**REQUIRED ACTION**: Retype exactly the span of lines below from the one with "水沙連營隊第二場 ✨ 蛙蝶共舞.紙教堂的生態樂章 🎶】" through the one with "toog, 19e eeuw |". Do not include pictures.

[Stored items]
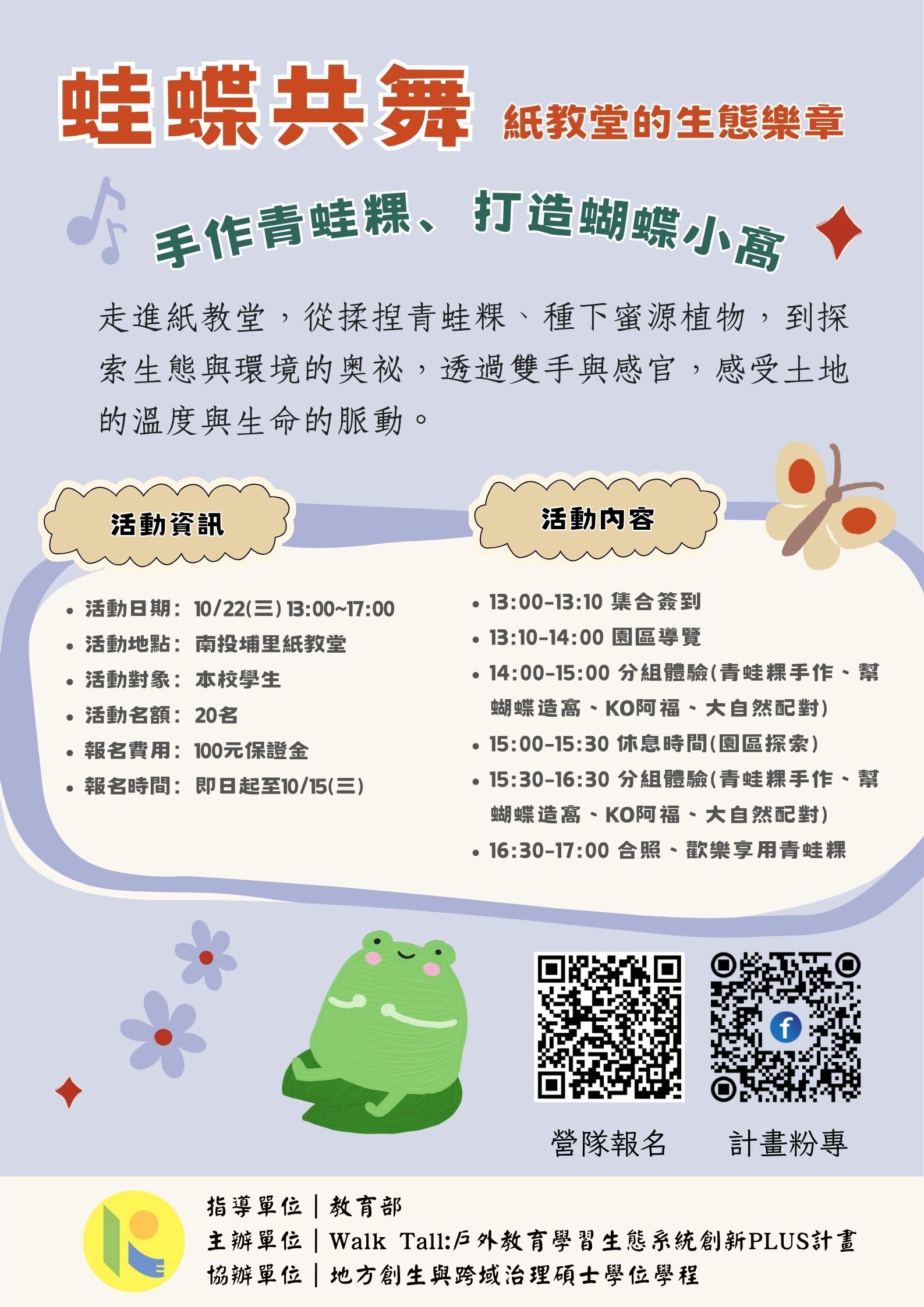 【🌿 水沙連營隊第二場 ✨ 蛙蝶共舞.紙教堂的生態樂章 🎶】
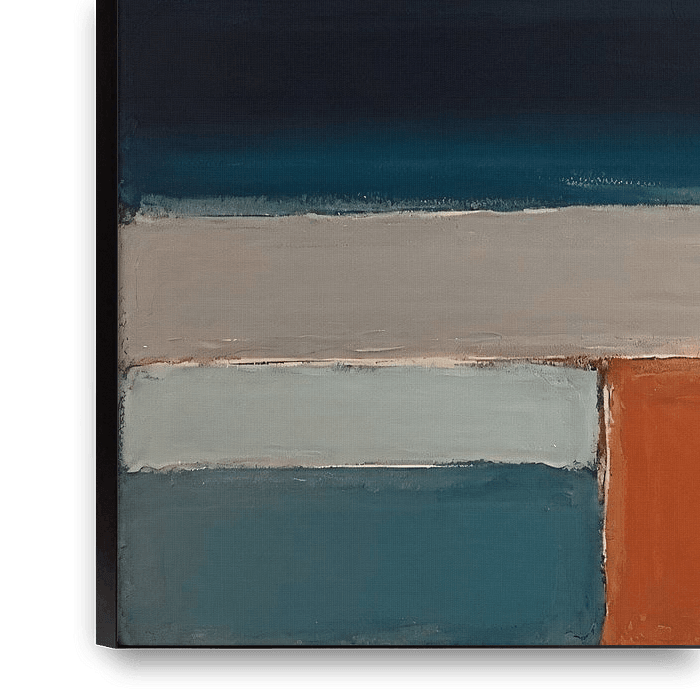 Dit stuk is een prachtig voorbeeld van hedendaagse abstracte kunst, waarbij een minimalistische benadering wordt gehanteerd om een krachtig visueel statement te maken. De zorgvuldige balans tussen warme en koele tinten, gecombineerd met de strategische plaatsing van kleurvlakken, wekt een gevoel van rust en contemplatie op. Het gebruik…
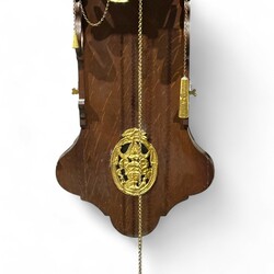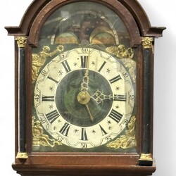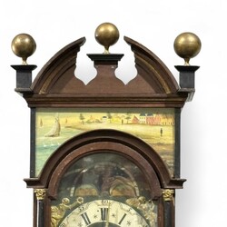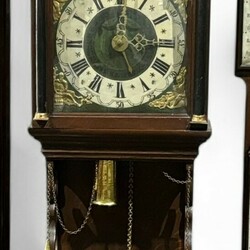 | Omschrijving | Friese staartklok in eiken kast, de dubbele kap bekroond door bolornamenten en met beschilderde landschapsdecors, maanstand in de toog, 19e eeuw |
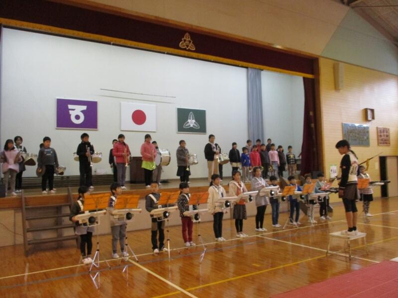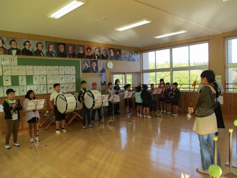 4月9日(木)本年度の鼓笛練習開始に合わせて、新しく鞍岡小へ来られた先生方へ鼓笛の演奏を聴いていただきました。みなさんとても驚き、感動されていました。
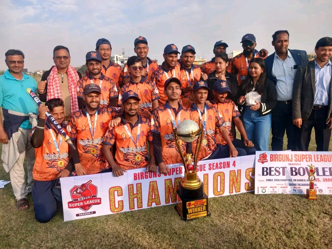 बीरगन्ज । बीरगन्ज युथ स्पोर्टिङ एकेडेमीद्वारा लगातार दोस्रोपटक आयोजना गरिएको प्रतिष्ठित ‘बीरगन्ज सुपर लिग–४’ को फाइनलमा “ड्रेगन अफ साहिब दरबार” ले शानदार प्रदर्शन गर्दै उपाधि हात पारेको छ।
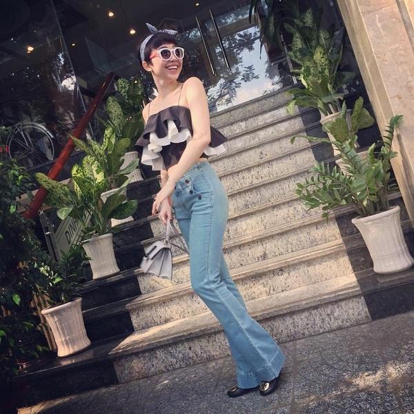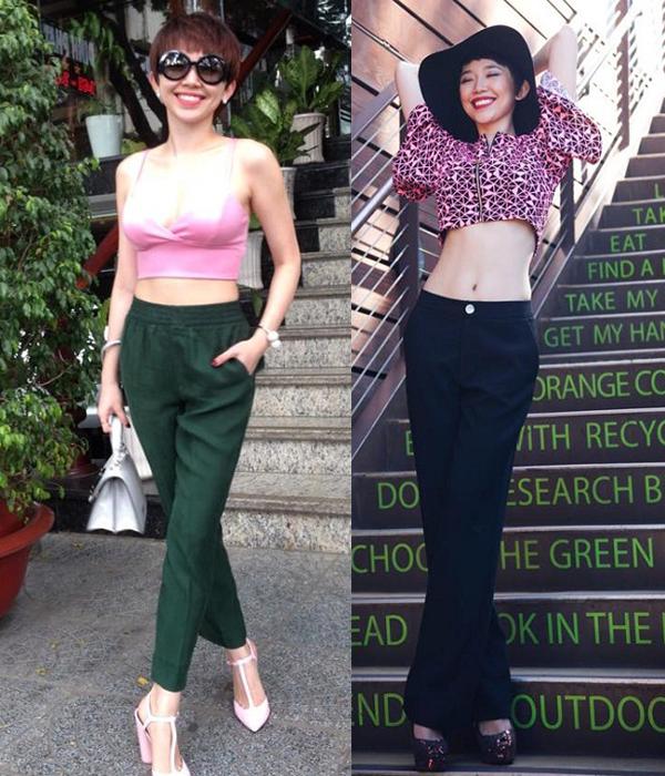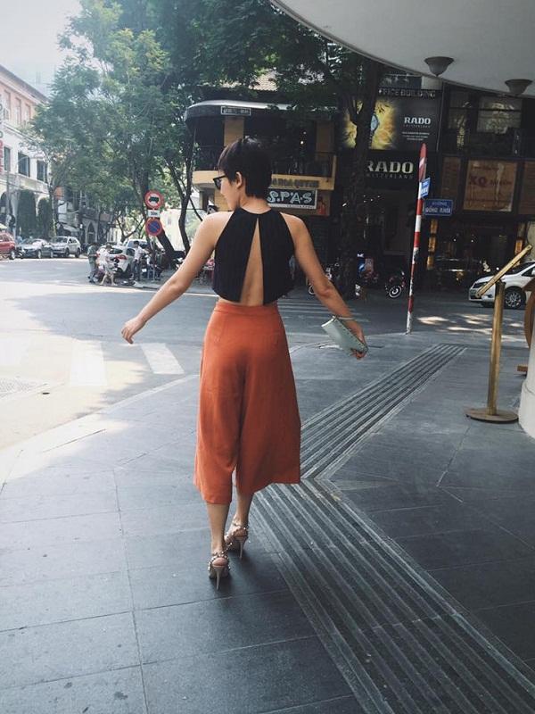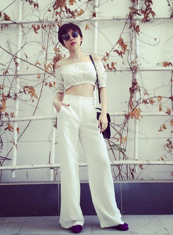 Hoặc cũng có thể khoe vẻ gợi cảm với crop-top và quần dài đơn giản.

* * *

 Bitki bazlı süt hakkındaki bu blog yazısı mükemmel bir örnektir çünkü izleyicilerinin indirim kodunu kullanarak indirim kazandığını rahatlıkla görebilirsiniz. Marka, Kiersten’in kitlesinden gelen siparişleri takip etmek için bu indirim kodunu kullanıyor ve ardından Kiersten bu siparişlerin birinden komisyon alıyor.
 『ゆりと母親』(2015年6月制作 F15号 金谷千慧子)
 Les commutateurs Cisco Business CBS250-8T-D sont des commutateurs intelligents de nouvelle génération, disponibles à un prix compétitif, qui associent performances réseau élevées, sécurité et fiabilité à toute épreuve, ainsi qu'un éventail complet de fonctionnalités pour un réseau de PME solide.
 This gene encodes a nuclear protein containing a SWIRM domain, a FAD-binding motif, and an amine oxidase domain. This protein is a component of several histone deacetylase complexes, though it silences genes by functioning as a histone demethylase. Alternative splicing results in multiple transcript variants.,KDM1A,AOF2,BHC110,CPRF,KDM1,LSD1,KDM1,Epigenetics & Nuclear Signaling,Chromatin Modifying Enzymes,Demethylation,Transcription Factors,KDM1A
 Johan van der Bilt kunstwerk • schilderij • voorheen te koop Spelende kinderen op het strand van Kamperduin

**YOUR RESPONSE**:
 【🌿 水沙連營隊第二場 ✨ 蛙蝶共舞.紙教堂的生態樂章 🎶】
 Dit stuk is een prachtig voorbeeld van hedendaagse abstracte kunst, waarbij een minimalistische benadering wordt gehanteerd om een krachtig visueel statement te maken. De zorgvuldige balans tussen warme en koele tinten, gecombineerd met de strategische plaatsing van kleurvlakken, wekt een gevoel van rust en contemplatie op. Het gebruik…
 | Omschrijving | Friese staartklok in eiken kast, de dubbele kap bekroond door bolornamenten en met beschilderde landschapsdecors, maanstand in de toog, 19e eeuw |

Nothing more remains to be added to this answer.